## Data provided
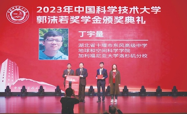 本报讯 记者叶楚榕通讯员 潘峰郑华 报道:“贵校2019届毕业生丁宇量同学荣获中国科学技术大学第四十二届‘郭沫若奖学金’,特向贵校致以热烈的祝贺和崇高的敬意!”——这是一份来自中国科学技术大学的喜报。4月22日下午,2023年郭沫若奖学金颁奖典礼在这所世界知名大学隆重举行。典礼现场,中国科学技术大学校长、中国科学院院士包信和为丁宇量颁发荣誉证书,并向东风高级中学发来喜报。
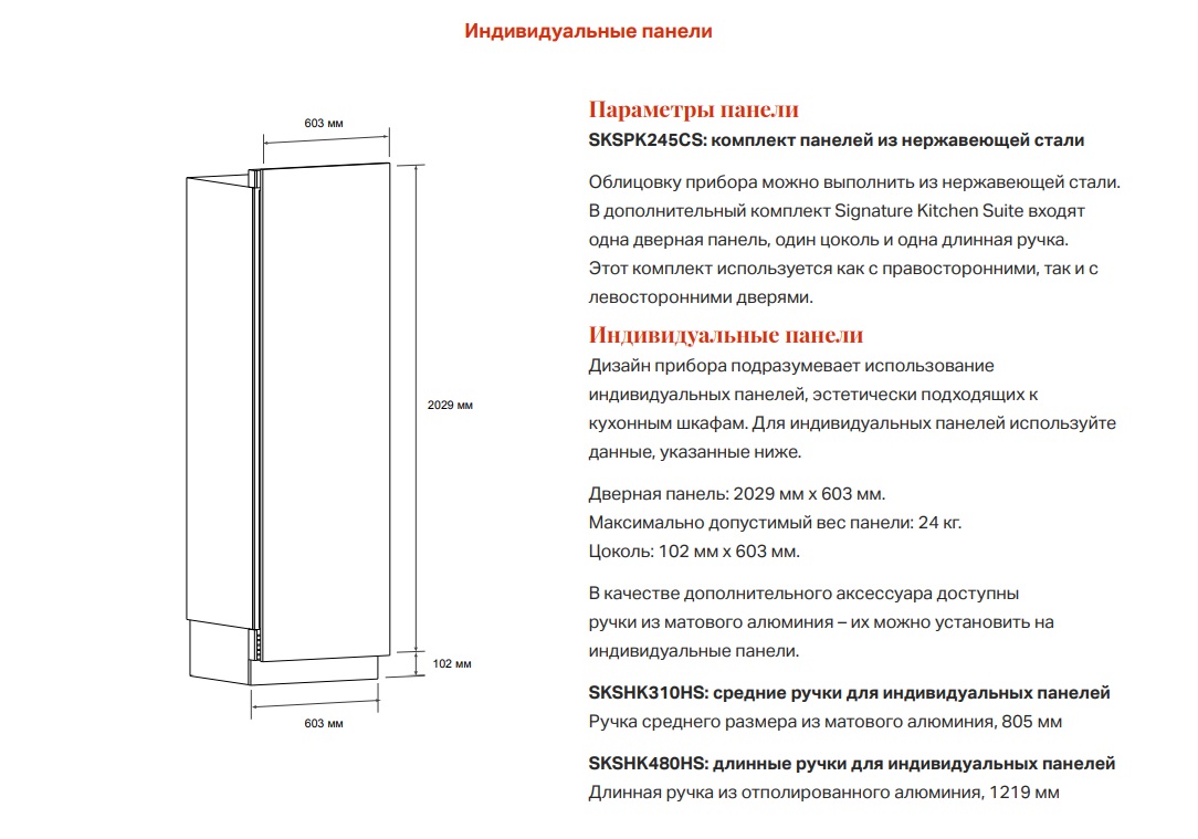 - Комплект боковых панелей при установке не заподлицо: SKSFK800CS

==

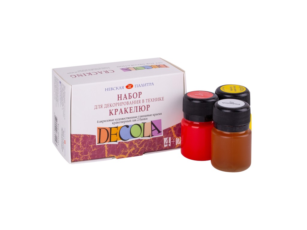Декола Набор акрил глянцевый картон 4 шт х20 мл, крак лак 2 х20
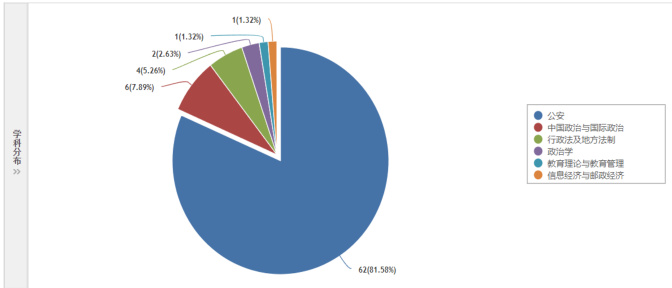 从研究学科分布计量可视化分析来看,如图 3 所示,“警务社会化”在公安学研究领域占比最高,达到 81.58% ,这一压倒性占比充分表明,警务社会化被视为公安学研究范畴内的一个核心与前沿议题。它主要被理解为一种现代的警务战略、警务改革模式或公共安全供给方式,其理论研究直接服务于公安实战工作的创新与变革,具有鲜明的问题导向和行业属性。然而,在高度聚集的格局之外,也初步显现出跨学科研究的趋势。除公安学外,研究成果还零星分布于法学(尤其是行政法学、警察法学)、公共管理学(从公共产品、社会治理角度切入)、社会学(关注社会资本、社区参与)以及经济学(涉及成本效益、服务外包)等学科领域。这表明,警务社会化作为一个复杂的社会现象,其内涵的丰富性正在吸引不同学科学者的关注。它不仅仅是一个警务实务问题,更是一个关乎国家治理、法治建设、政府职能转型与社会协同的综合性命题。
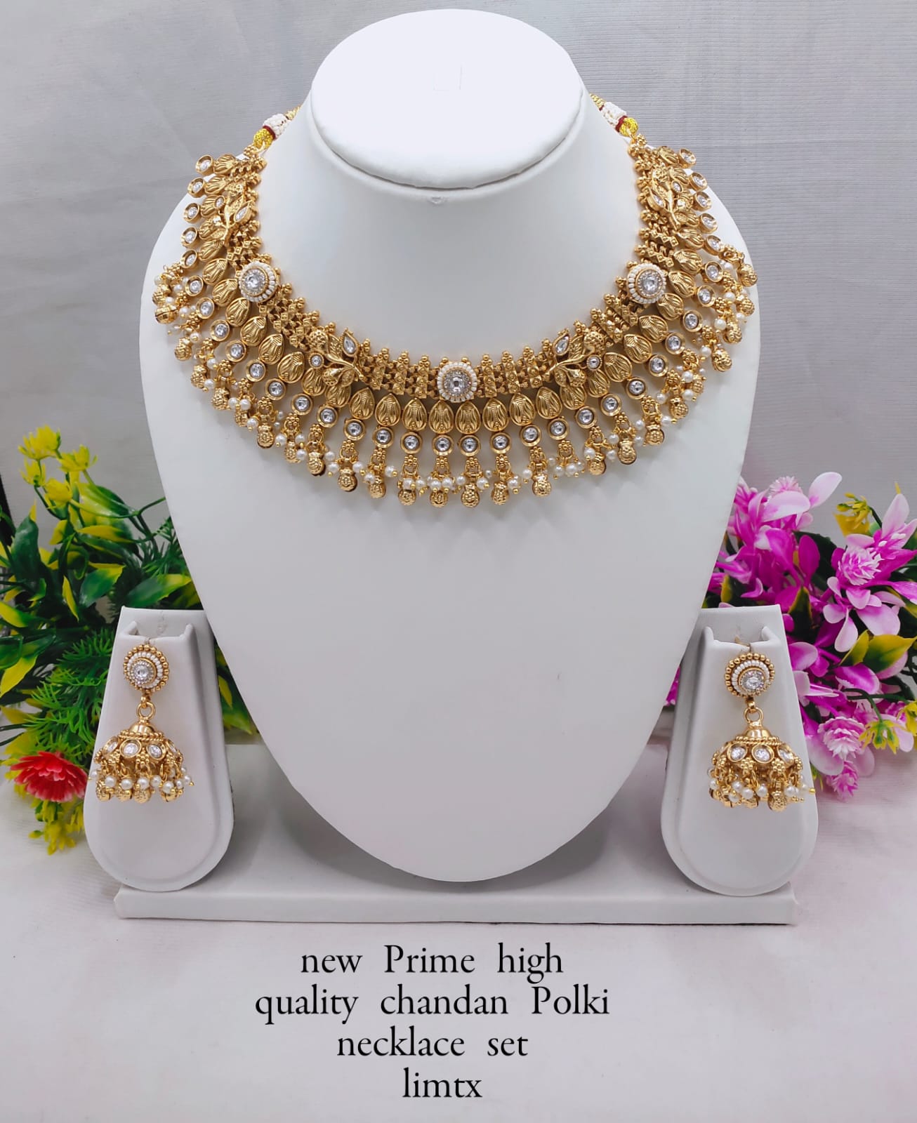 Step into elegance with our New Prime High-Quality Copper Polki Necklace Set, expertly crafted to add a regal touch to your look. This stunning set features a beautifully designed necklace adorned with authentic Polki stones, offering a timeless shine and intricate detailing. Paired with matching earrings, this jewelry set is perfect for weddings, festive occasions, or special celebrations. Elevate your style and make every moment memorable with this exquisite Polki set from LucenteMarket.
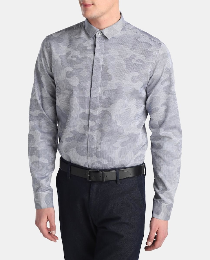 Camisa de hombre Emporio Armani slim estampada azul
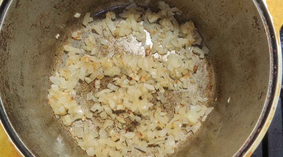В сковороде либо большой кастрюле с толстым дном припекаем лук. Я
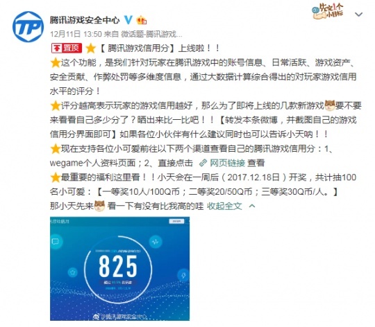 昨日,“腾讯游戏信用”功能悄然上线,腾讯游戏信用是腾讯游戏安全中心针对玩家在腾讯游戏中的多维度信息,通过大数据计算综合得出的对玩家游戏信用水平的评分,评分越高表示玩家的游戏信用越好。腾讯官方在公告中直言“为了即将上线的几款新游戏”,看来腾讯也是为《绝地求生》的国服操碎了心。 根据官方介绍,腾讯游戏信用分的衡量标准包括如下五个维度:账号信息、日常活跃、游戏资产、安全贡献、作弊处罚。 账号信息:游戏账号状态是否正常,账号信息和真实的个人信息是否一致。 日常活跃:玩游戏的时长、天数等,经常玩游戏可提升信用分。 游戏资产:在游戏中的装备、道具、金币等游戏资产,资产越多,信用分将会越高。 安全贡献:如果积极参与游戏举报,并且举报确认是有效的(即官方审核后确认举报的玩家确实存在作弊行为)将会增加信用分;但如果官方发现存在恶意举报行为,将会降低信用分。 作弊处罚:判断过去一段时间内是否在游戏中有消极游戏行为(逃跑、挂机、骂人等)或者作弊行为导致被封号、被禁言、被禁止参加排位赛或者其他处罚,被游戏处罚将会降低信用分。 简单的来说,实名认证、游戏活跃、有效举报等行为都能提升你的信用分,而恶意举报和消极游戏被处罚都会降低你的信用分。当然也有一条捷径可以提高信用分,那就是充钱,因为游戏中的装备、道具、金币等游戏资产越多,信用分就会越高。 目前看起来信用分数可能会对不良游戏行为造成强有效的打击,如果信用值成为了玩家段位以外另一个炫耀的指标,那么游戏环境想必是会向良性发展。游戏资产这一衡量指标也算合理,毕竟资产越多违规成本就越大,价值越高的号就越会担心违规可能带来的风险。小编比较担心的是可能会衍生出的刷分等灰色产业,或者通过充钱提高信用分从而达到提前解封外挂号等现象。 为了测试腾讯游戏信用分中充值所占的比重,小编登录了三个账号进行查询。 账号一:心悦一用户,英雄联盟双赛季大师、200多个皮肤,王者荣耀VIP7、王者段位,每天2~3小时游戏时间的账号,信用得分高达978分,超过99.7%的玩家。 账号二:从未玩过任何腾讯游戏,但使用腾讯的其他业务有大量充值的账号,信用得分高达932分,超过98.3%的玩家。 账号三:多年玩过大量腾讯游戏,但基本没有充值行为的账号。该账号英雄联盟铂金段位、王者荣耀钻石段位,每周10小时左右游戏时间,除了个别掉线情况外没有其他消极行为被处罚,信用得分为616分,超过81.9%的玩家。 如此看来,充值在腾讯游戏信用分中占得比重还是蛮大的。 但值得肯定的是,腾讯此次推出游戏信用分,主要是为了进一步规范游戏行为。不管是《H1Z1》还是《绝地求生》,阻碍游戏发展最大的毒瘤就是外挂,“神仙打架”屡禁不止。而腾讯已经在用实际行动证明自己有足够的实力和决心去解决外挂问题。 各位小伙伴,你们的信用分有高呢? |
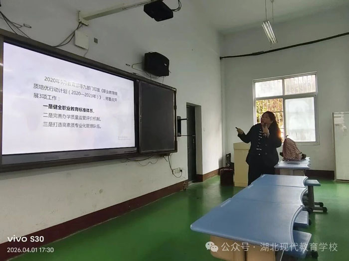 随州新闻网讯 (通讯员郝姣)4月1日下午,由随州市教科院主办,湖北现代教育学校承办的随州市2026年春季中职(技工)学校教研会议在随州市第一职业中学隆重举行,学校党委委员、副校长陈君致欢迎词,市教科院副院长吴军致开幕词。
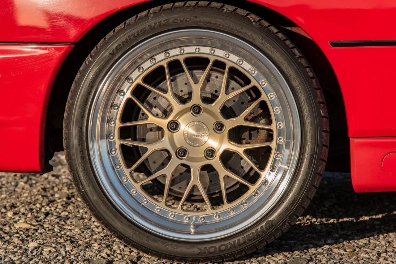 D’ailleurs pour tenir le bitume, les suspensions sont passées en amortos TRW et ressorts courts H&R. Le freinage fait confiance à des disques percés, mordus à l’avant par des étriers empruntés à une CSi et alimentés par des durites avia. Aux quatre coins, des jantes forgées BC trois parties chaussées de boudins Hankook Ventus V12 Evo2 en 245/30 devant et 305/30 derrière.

## Aim of the exercise
Only one part of the listing is wanted: the lines from the one containing "随州新闻网讯 (通讯员郝姣)" through the one containing "D’ailleurs pour tenir", both included. Please transcribe it exactly, leaving out the pictures.

## Response below
 随州新闻网讯 (通讯员郝姣)4月1日下午,由随州市教科院主办,湖北现代教育学校承办的随州市2026年春季中职(技工)学校教研会议在随州市第一职业中学隆重举行,学校党委委员、副校长陈君致欢迎词,市教科院副院长吴军致开幕词。
 D’ailleurs pour tenir le bitume, les suspensions sont passées en amortos TRW et ressorts courts H&R. Le freinage fait confiance à des disques percés, mordus à l’avant par des étriers empruntés à une CSi et alimentés par des durites avia. Aux quatre coins, des jantes forgées BC trois parties chaussées de boudins Hankook Ventus V12 Evo2 en 245/30 devant et 305/30 derrière.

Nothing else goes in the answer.